There were 1,886 households, out of which 31.2% had children under the age of 18 living with them, 64.8% were married couples living together, 7.2% had a female householder with no husband present, and 24.0% were non-families. 19.5% of all households were made up of individuals, and 6.2% had someone living alone who was 65 years of age or older. The average household size was 2.58 and the average family size was 2.97.

In the CDP, the population was spread out, with 23.6% under the age of 18, 7.1% from 18 to 24, 29.0% from 25 to 44, 29.2% from 45 to 64, and 11.1% who were 65 years of age or older. The median age was 40 years.

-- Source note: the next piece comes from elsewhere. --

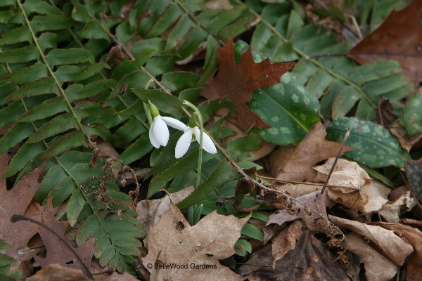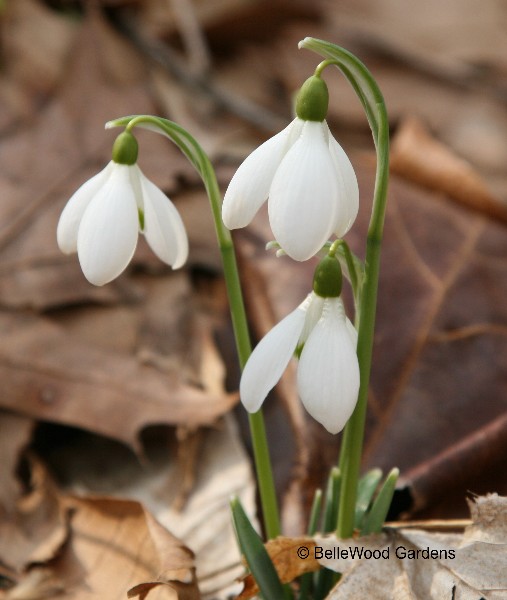 from G. nivalis, the common snowdrop more frequently seen in gardens.

For every 100 females there were 102.7 males. For every 100 females age 18 and over, there were 102.0 males.

The median income for a household in the CDP was $67,885, and the median income for a family was $82,366. Males had a median income of $54,559 versus $32,804 for females. The per capita income for the CDP was $32,717. 3.2% of the population and 1.0% of families were below the poverty line. Out of the total population, 1.1% of those under the age of 18 and 4.7% of those 65 and older were living below the poverty line.